#### PROVIDED RECORDS

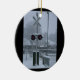 Railroad Crossing (blue) Ceramic Ornament
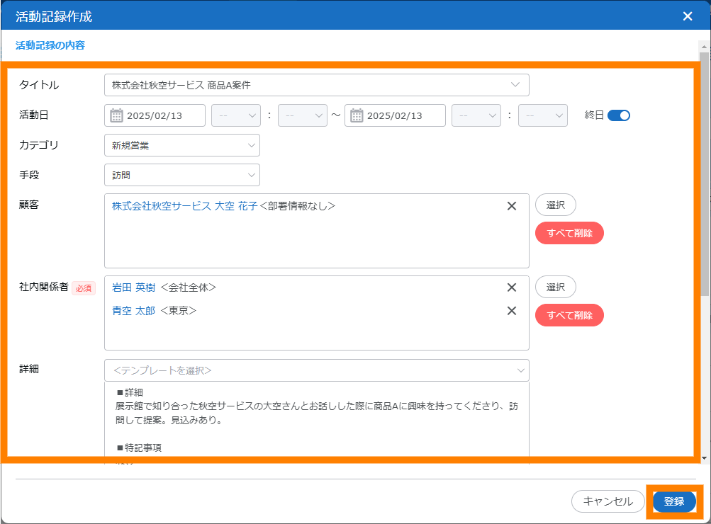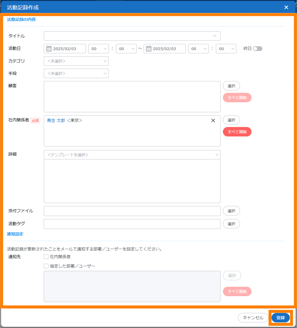 活動記録を新規登録します。「タイトル」「活動日」「カテゴリ」「手段」「顧客」などの情報を登録できます。
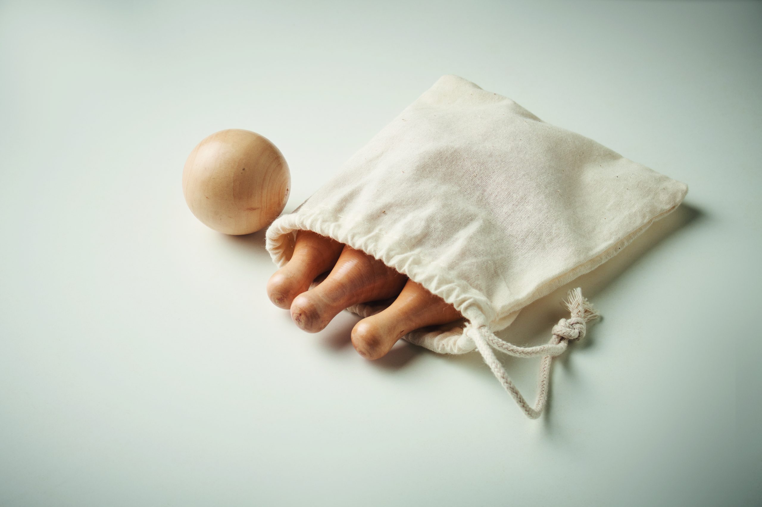 Mini zestaw do gry w kręgle wykonany z drewna sosnowego, zapakowany w bawełniany woreczek ze sznurkiem. Zawiera 6 kręgli i 1 kulę. FSC®-certified | FSC 100%, W15.2, FSC-C213206
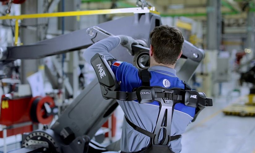 Mate от Comau — промышленный пассивный экзоскелет для верхних конечностей. Он использует механическую систему пружин и передач, которые распределяют часть веса рук на корпус, разгружая мышцы при поднятии и удержании рук над головой. Такая поддержка снижает нагрузку на мышцы плечевого пояса, улучшает осанку и облегчает выполнение статических задач. Устройство не требует ни батарей, ни мотора, но при этом повышает точность операций на 27 % и ускоряет их на 10 %.
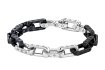 Толстые керамические булавки протыкают свитера, отражая массивные цепочки, подчеркивающие форму двухцветных украшений, и свисают с глянцевых мягких сундуков и дорожных сумок.
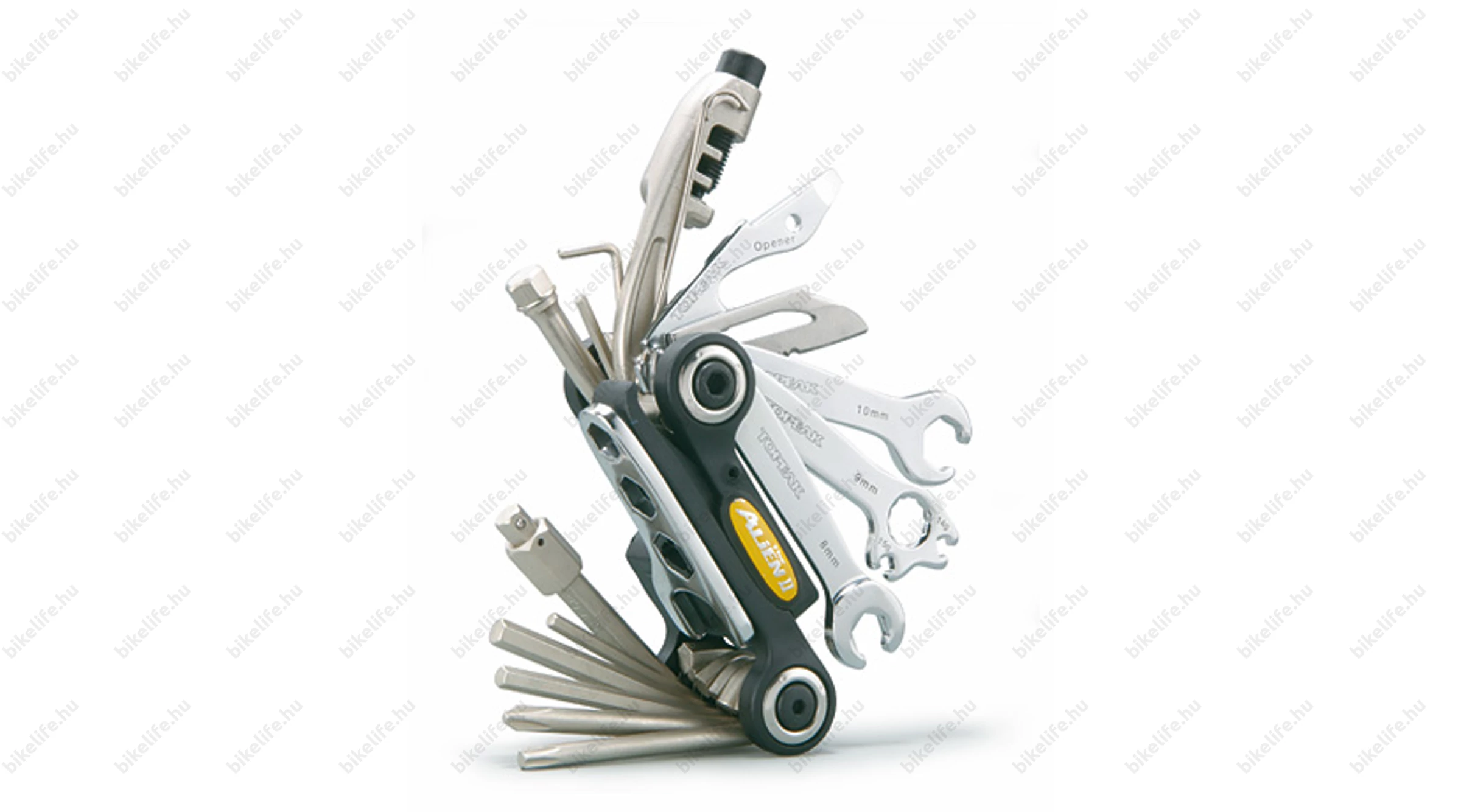 A rangos Reddot Award, illetve más zsűrik által többszörösen díjazott Alien II marokszerszám kettécsúsztatható, 31 funkciót biztosít,A díjnyertes, mindent megcsinált eszköz. A 31 funkciós szerszám könnyű, kétrészes testté hajtható össze – a tökéletes kerékpáros eszköz. Tartalmaz egy láncbontó szerszámot és egy tároló táskát.
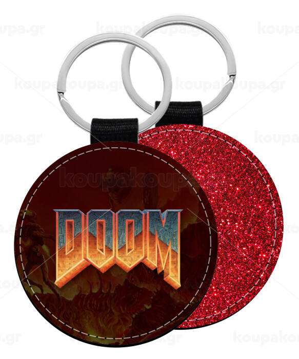 DOOM, Μπρελόκ Δερματίνη, στρογγυλό ΚΟΚΚΙΝΟ (5cm)
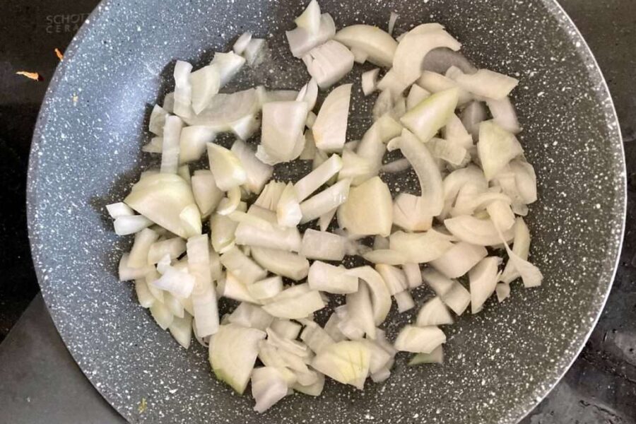 - Мелко нарежьте луковицу и обжарьте ее на сковороде с небольшим количеством масла до мягкости. Это займет около 1 минуты.
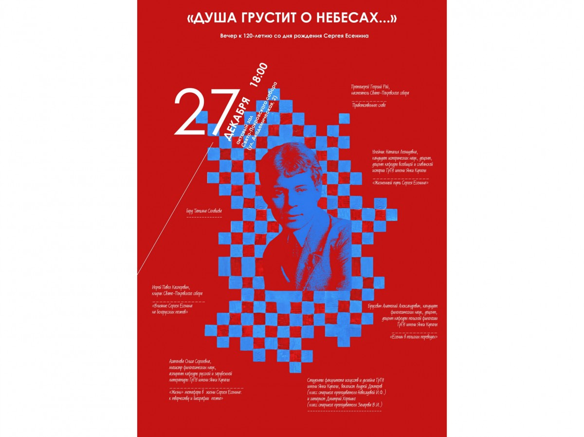 | | 22 ДЕКАБРЯ 2015 (Вторник) 13:28:55 Вечер, посвящённый жизни и творчеству Сергея Есенина "Душа грустит о небесах...", состоится 27 декабря в 18.00 в клубе православного общения на базе Свято-Покровского кафедрального собора Гродно.
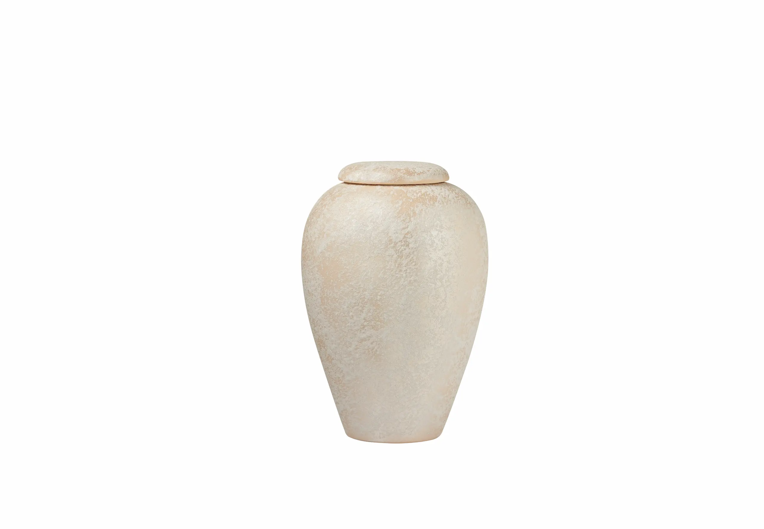 Urnan Venecia är inspirerad av marina organiska former och tillverkad av rå lera – ren jord som färgats enbart med naturliga pigment. Ytan är behandlad med bivax, vilket framhäver materialets naturliga skönhet och ger en mjuk lyster.
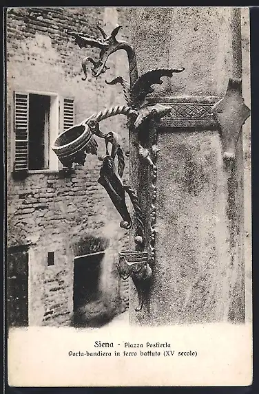 AK Siena, Piazza Postierla, Porta-bandiera in ferro battuto
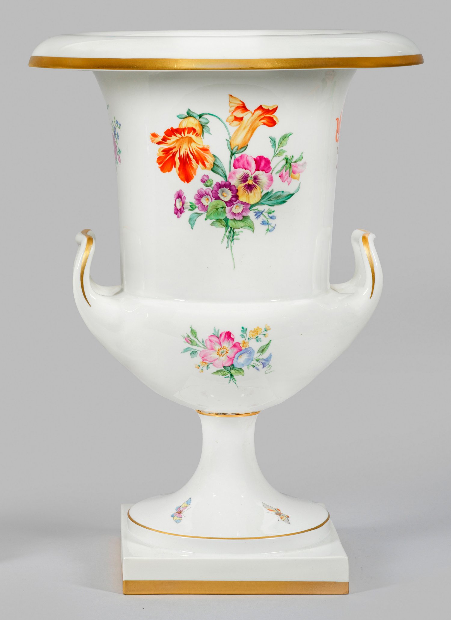 Sog. "Redensche Vase" oder "Medici-Vase". Hochgezogener Rundfuß auf quadratischer Plinthe. Gedrückt bauchiger Korpus mit abgesetztem, kelchförmigem Hals, in breiten, weit ausgestellten Rand übergehend. Seitlich ansetzende, gebogte Henkel. Bedseitig der Wandung kleine und große Blumengebinde und auf dem Fuß Schmetterlinge in polychromer Malerei mit Goldstaffage. Form-Entw. Johann Carl Friedrich Riese. Vergoldung äußerst minim. rest.; Zepter- und Malereimarke. H. 42,5 cm.
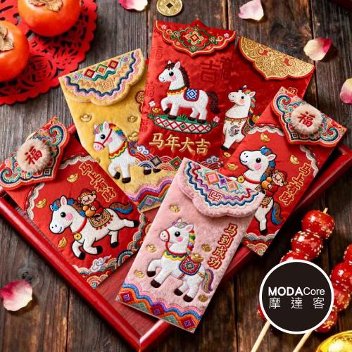 摩達客◉春節開運招財◉馬年QQ萌開運招財仿毛絨刺繡小馬紅包袋_6款圖案共12入組
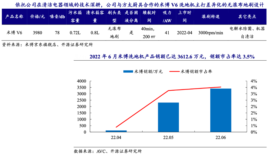 經典案例:根據米博京東旗艦店、AVC、開源證券研究所等綜合資訊表明,順造科技公司依托深耕清潔電器ODM 業務的研發制造端優勢,2022年其以 ODM 方式與方太廚具合作,推出米博 V6 洗地機,針對傳統拖布易發臭的痛點,主打差異化的無滾布地刷設計,通過每分鐘高達 3000 次的擦地實現了高效的地面清潔效果。

########

▶ TASK STATEMENT:
Reproduce every line above exactly as written, omitting the images.

▶ SOLUTION FOR THIS PROBLEM:
 Railroad Crossing (blue) Ceramic Ornament
 活動記録を新規登録します。「タイトル」「活動日」「カテゴリ」「手段」「顧客」などの情報を登録できます。
 Mini zestaw do gry w kręgle wykonany z drewna sosnowego, zapakowany w bawełniany woreczek ze sznurkiem. Zawiera 6 kręgli i 1 kulę. FSC®-certified | FSC 100%, W15.2, FSC-C213206
 Mate от Comau — промышленный пассивный экзоскелет для верхних конечностей. Он использует механическую систему пружин и передач, которые распределяют часть веса рук на корпус, разгружая мышцы при поднятии и удержании рук над головой. Такая поддержка снижает нагрузку на мышцы плечевого пояса, улучшает осанку и облегчает выполнение статических задач. Устройство не требует ни батарей, ни мотора, но при этом повышает точность операций на 27 % и ускоряет их на 10 %.
 Толстые керамические булавки протыкают свитера, отражая массивные цепочки, подчеркивающие форму двухцветных украшений, и свисают с глянцевых мягких сундуков и дорожных сумок.
 A rangos Reddot Award, illetve más zsűrik által többszörösen díjazott Alien II marokszerszám kettécsúsztatható, 31 funkciót biztosít,A díjnyertes, mindent megcsinált eszköz. A 31 funkciós szerszám könnyű, kétrészes testté hajtható össze – a tökéletes kerékpáros eszköz. Tartalmaz egy láncbontó szerszámot és egy tároló táskát.
 DOOM, Μπρελόκ Δερματίνη, στρογγυλό ΚΟΚΚΙΝΟ (5cm)
 - Мелко нарежьте луковицу и обжарьте ее на сковороде с небольшим количеством масла до мягкости. Это займет около 1 минуты.
 | | 22 ДЕКАБРЯ 2015 (Вторник) 13:28:55 Вечер, посвящённый жизни и творчеству Сергея Есенина "Душа грустит о небесах...", состоится 27 декабря в 18.00 в клубе православного общения на базе Свято-Покровского кафедрального собора Гродно.
 Urnan Venecia är inspirerad av marina organiska former och tillverkad av rå lera – ren jord som färgats enbart med naturliga pigment. Ytan är behandlad med bivax, vilket framhäver materialets naturliga skönhet och ger en mjuk lyster.
 AK Siena, Piazza Postierla, Porta-bandiera in ferro battuto
 Sog. "Redensche Vase" oder "Medici-Vase". Hochgezogener Rundfuß auf quadratischer Plinthe. Gedrückt bauchiger Korpus mit abgesetztem, kelchförmigem Hals, in breiten, weit ausgestellten Rand übergehend. Seitlich ansetzende, gebogte Henkel. Bedseitig der Wandung kleine und große Blumengebinde und auf dem Fuß Schmetterlinge in polychromer Malerei mit Goldstaffage. Form-Entw. Johann Carl Friedrich Riese. Vergoldung äußerst minim. rest.; Zepter- und Malereimarke. H. 42,5 cm.
 摩達客◉春節開運招財◉馬年QQ萌開運招財仿毛絨刺繡小馬紅包袋_6款圖案共12入組
 經典案例:根據米博京東旗艦店、AVC、開源證券研究所等綜合資訊表明,順造科技公司依托深耕清潔電器ODM 業務的研發制造端優勢,2022年其以 ODM 方式與方太廚具合作,推出米博 V6 洗地機,針對傳統拖布易發臭的痛點,主打差異化的無滾布地刷設計,通過每分鐘高達 3000 次的擦地實現了高效的地面清潔效果。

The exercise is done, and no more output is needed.